I finally rose and dressed while the moon was still in the sky, and crept downstairs to the kitchen with my shoes in my hand. I was determined to try my best so that Mrs. Prevost would not send me away to be sold. I raked the coals and brought the banked fire back to life with fresh wood. The well wasn’t far from the back door, and I drew a bucket so I could fill the heavy kettle over the fire to heat for tea, and whatever else Chloe would require for the family’s breakfast.
Next I took the broom from behind the door and swept the back steps clean, and began to do the same with the broad porch across the front of the house. By then the sun had become a warm glow upon the horizon, and I could see all that I’d missed last night when we’d arrived.

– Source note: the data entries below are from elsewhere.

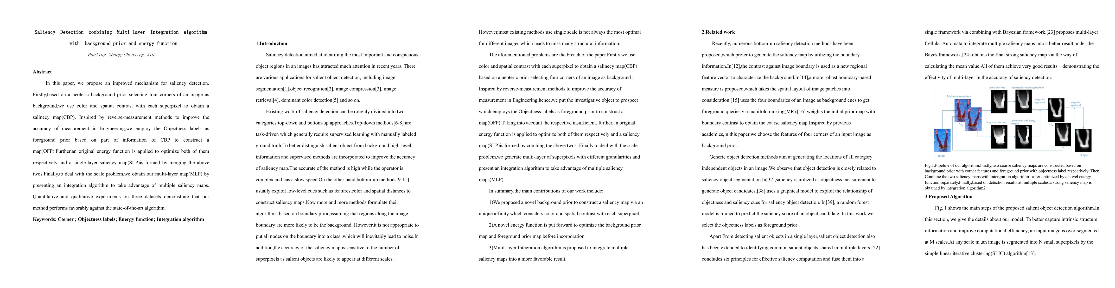 This paper proposes an improved saliency detection mechanism using a multi-layer integration algorithm. It combines a background prior based on image corners and an objectness label for foreground, optimizing them through an original energy function to form a multi-layer saliency map, outperforming state-of-the-art methods.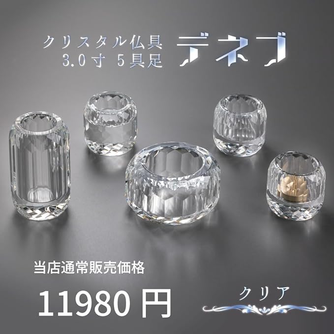 仏具セット ミニ デネブ 3.0寸 クリア クリスタル仏具 モダン仏具 5具足 おしゃれ(クリア) おしゃれ 香炉 花立 蝋燭立て 仏飯器 茶湯器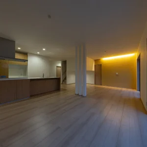 夜には、間接照明のやわらかな光が空間を包み込み、昼とは異なる落ち着いた表情に。広さだけでなく、光の使い方にも配慮することで、くつろぎと心地よさをより深めています。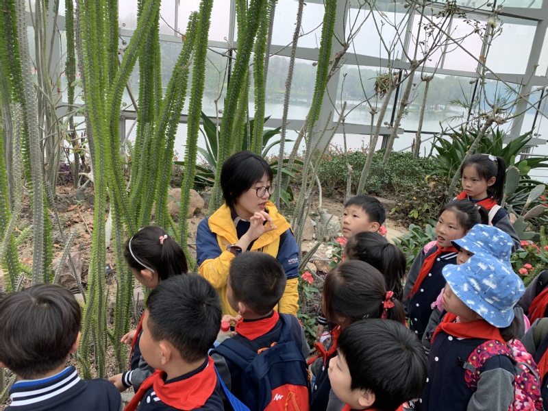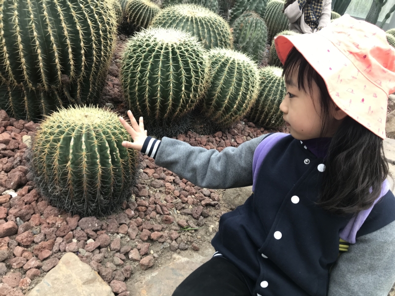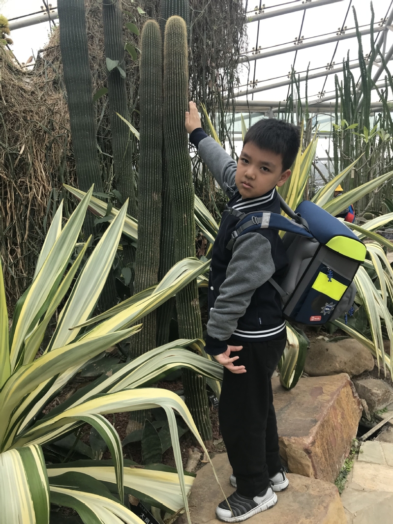 穿过郁金香花海,便来到了热带植物区。一阵阵热浪迎面而来,空中弥漫着湿湿的水气,仿佛来到了一片热带雨林之中。一走进多肉植物区,“我第一次见到这么大的多肉植物”,孩子们自发伸出小手和多肉植物比大小,还有的孩子和多肉植物比身高,奇趣的动作让人忍俊不禁。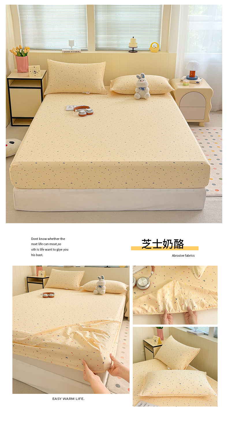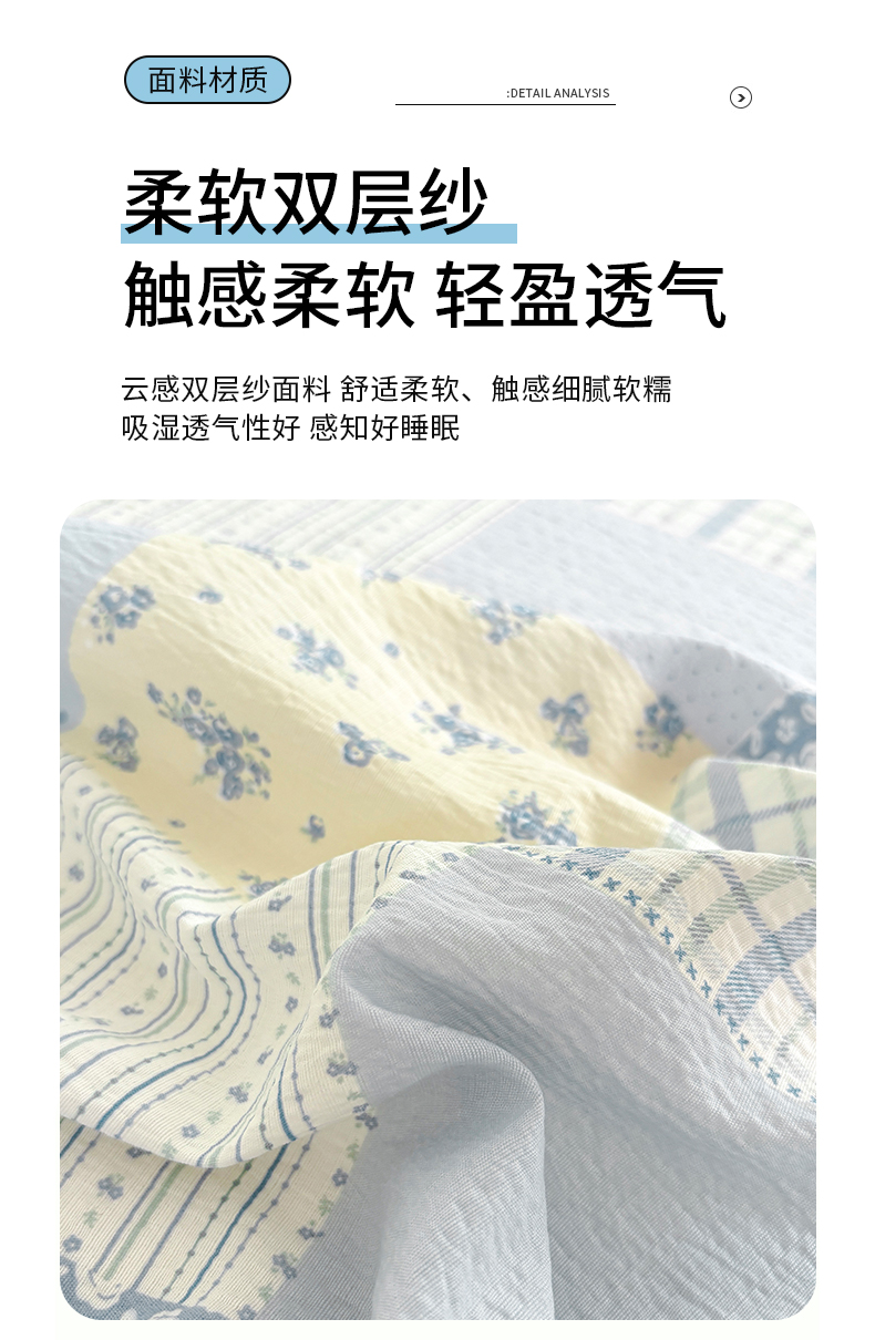 (总)青泽家纺 2025新款水洗棉皱皱纱双层纱床单三件套,芝士奶酪,半亩花田,田园女孩,疏影之心,南瓜派对,萌兔兔,萌宠乐园,梨花落,花园小兔,花间序语,海盐耶耶,乖乖象,格子小狗,豆蔻年华,花轻舞,半岛红茶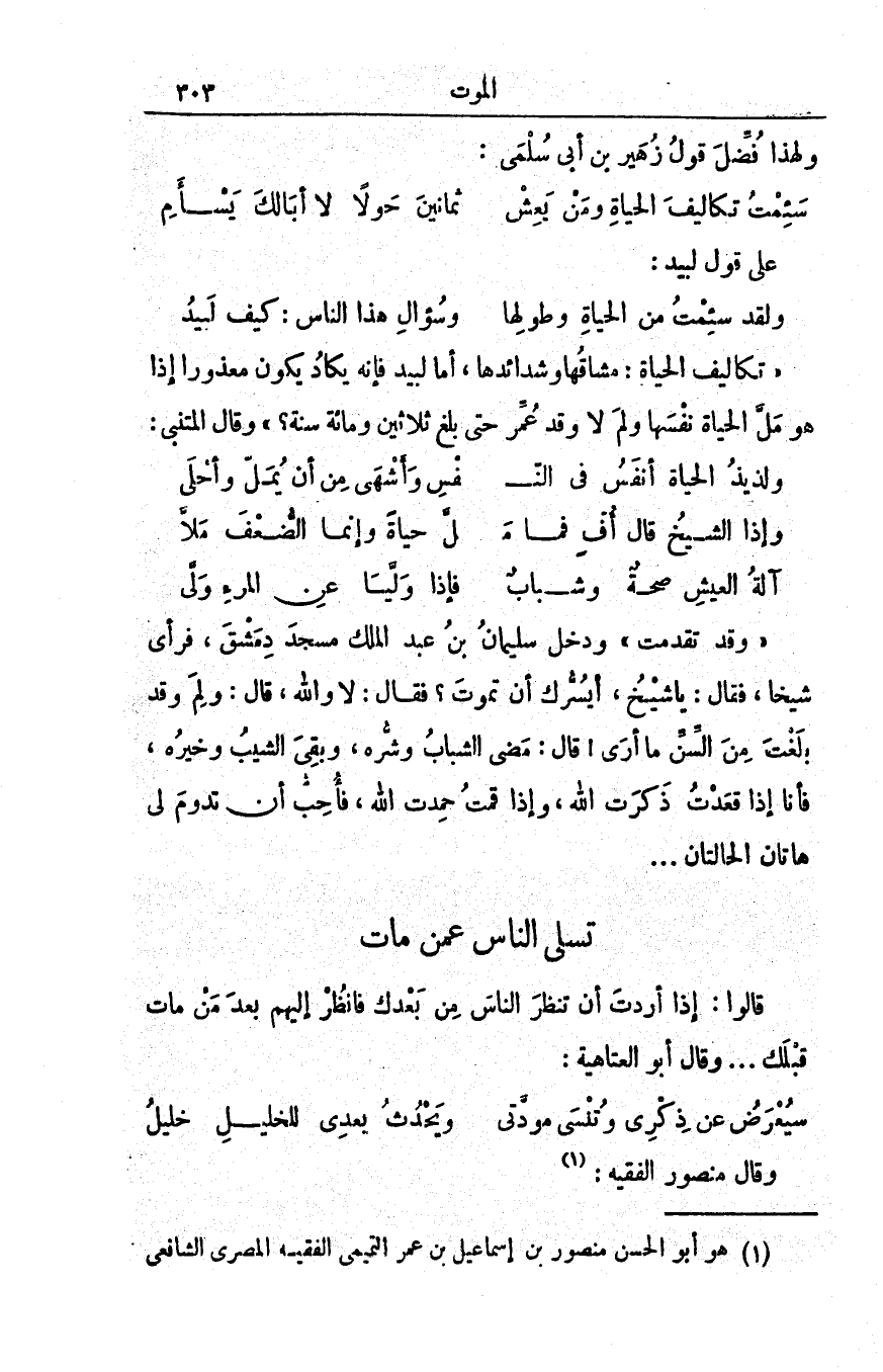 وقد تقدّمت ودخل سليمان بنُ عبد الملك مسجدَ دمشقَ، فرأى شيخاً، فقال: يا شيخُ، أيسرُّك أن تموتَ؟ فقال: لا واللهِ، قال: ولِمَ وقد بَلَغْتَ من السِّنِّ ما أرى! قال: مَضى الشبابُ وشرُّه، وبَقِيَ الشّيْبُ وخيرُه، فأنا إذا قعَدْتُ ذكرْتُ اللهَ، وإذا قُمْتُ حَمِدْتُ اللهَ، فأحِبُّ أنْ تدومَ لي هاتان الحالتان. . .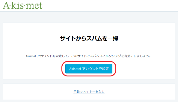 Akismetを利用するには、アカウント設定を行い「API KEY」を発行する必要があります。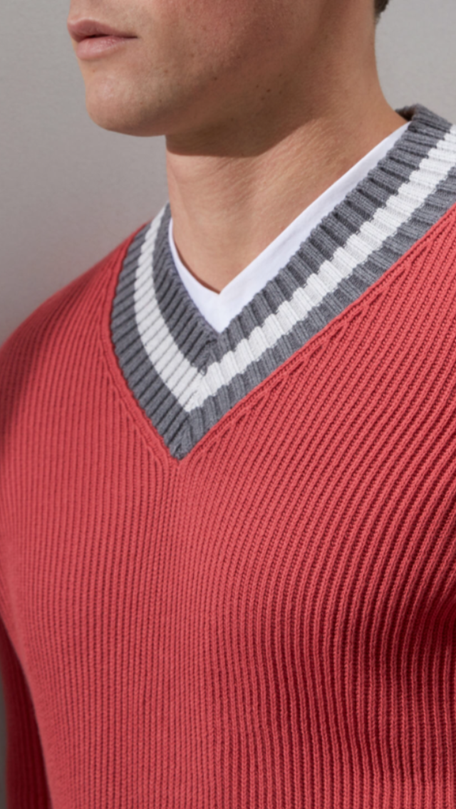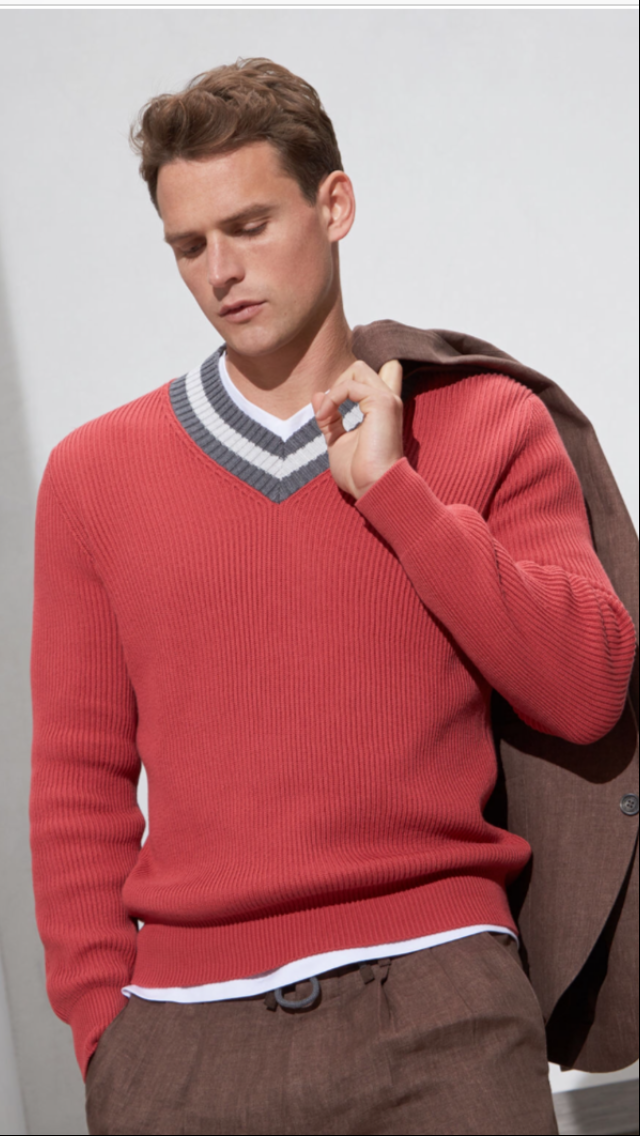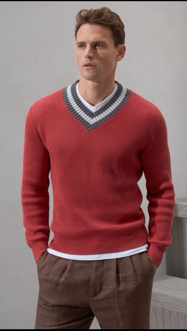 В продаже,новый мужской пуловер Golf Stripes из газового хлопка, выполненный английской резинкой от известной итальянской марки BRUNELLO CUCINELLI.Специальный газовый хлопок получают в результате трикотажной вязки со слегка уширенным звеном, которое придает всему изделию большую легкость и комфорт. Пуловер Golf Stripes с клинообразным вырезом обогащен необычными широкими полосами контрастного цвета. Яркие и энергичные цвета — одни из самых насыщенных в коллекции!!!!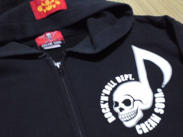 クリームソーダブラックキャッツスゥエットパーカー サイズS 着丈約56cm 肩幅約55cm 脇幅約56cm 計測に個人差がありますので御了承下さい。古着ですので色落ち 使用感あります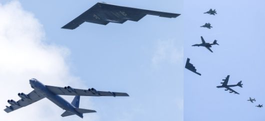 왼쪽 사진은 B-52(아래), B-2(위), 오른쪽 사진은 위부터 F-15, F-22, B-1, B-2, B-52, A-10, F-16. EPA 연합뉴스 |
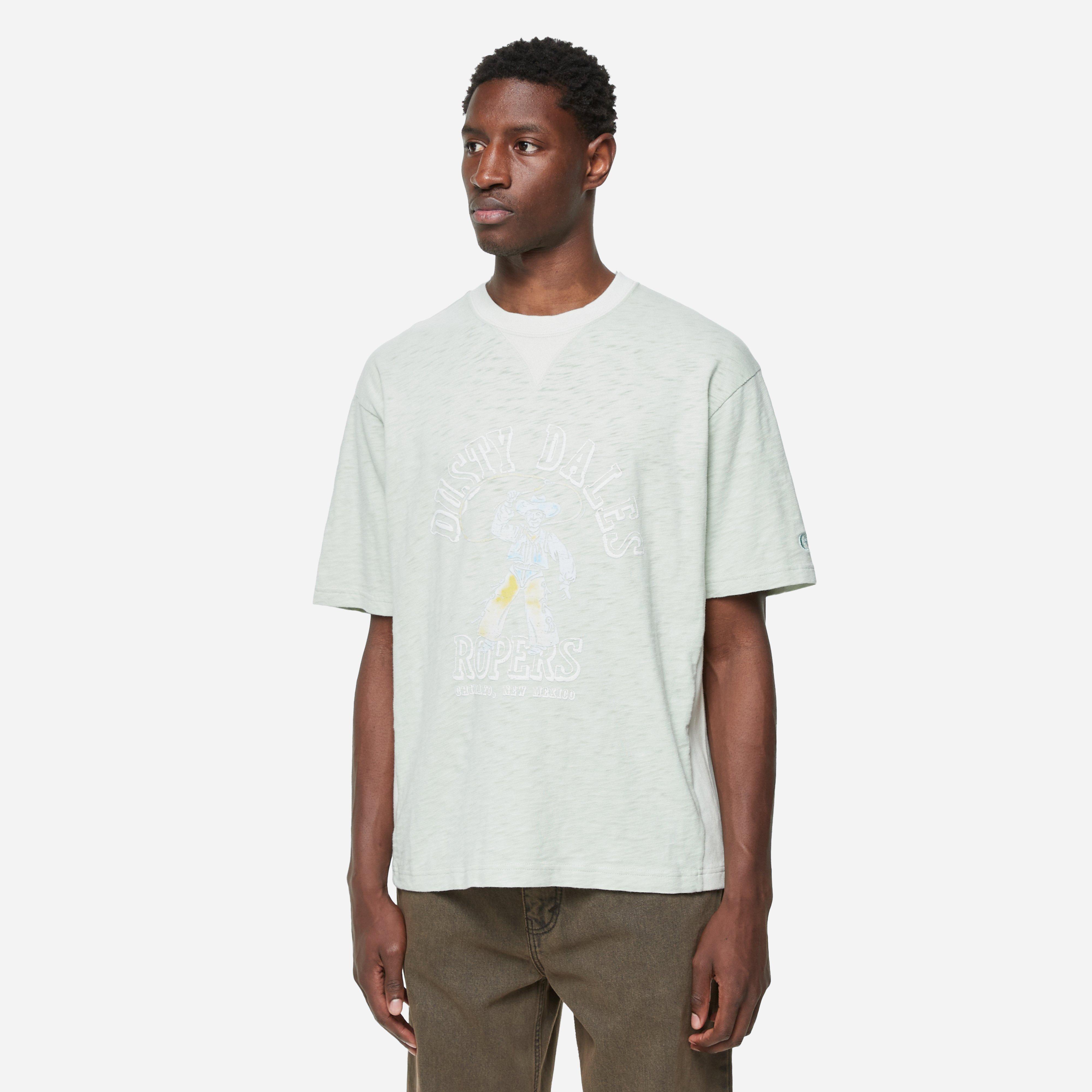 Green – 100% cotton – Loose fit – 240gsm slub fabric – Crew neck – Model is 6’1’’ and wears a size medium.
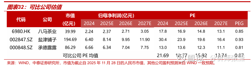 可比公司估值分析:我们选取承德露露(礼品消费属性)与盐津铺子(连锁零售模式)作为八马茶业的可比公司:一方面,八马与承德露露同样具备礼品消费场景和品牌心智,其高端茶叶需求具备相似韧性;另一方面,其连锁经营的商业模式与盐津铺子通过掌控供应链、深耕渠道以实现高质量增长路径高度相似。估值方面,八马当前PE低于高成长性的盐津铺子,作为高端茶叶品牌龙头,八马在高度分散的茶业市场具备一定的整合潜力,以及其“礼品+成瘾性消费品”的双重属性价值,给予成长性一定估值溢价,估值水平略高于承德露露较为合理。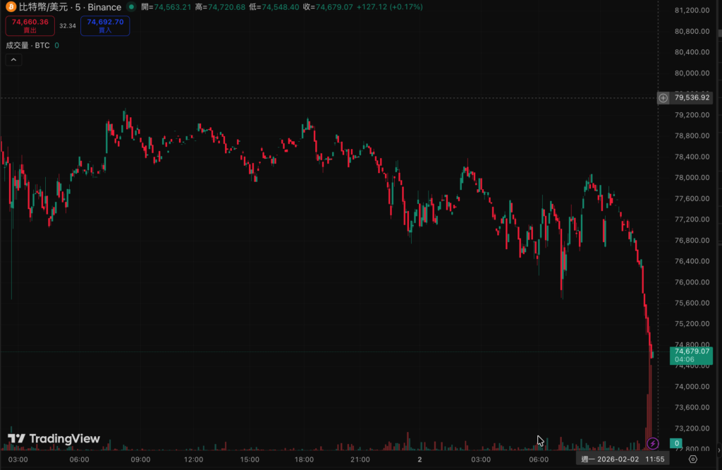 Bitcoin price plummeted to $74,600, officially breaking below MicroStrategy’s average cost of $76,037. This moment not only signifies that the world’s largest corporate holder is showing paper losses but also shakes the long-trusted institutional support level. The market is still experiencing a sharp decline; investors should prepare for risk management of their positions.

The house sat on a slight rise, and on the other side of the drive was a green lawn that sloped down to a shinin
g millpond, as smooth as a mirror. Beyond that lay fields nodding with grain that was close to harvest.
Everything was lush and still, with only the first birds chattering in the trees overhead and a soft mist hanging low over the grass. I’d never in my short, crowded, noisy life experienced anything as serene, or as peaceful. As I stood there with the broom in my hand, I tried to imagine what it was to be Mrs. Prevost. Each morning I’d awake to this comfort, this beauty, this peace. I’d be secure in the knowledge that all I saw belonged to my husband, and that our children would never want because of it.
I was so lost in reflection that I failed to realize that I was no longer alone.
“A beautiful morning, Mary, is it not?” said Mrs. Prevost beside me. “This is my favorite time of the day, when the dew is still upon the grass and the children are still abed.”
“Good day, mistress,” I said, bowing awkwardly with the broom in my hand. To have her find me standing idle and dreaming was not the best beginning.
“It is a good day,” she said, looking past me toward the pond and trees. “Indeed, a thoroughly splendid day.”
She smiled at the morning, not at me, and stretched her arms before her as if to embrace it. She was wearing a loose dressing gown of flower-patterned silk that floated around her slender form, her feet bare in flat red mules and her dark hair still plaited for the night. Standing beside her, I was surprised by how she wasn’t much taller than I was myself; she’d seemed far more imposing last night.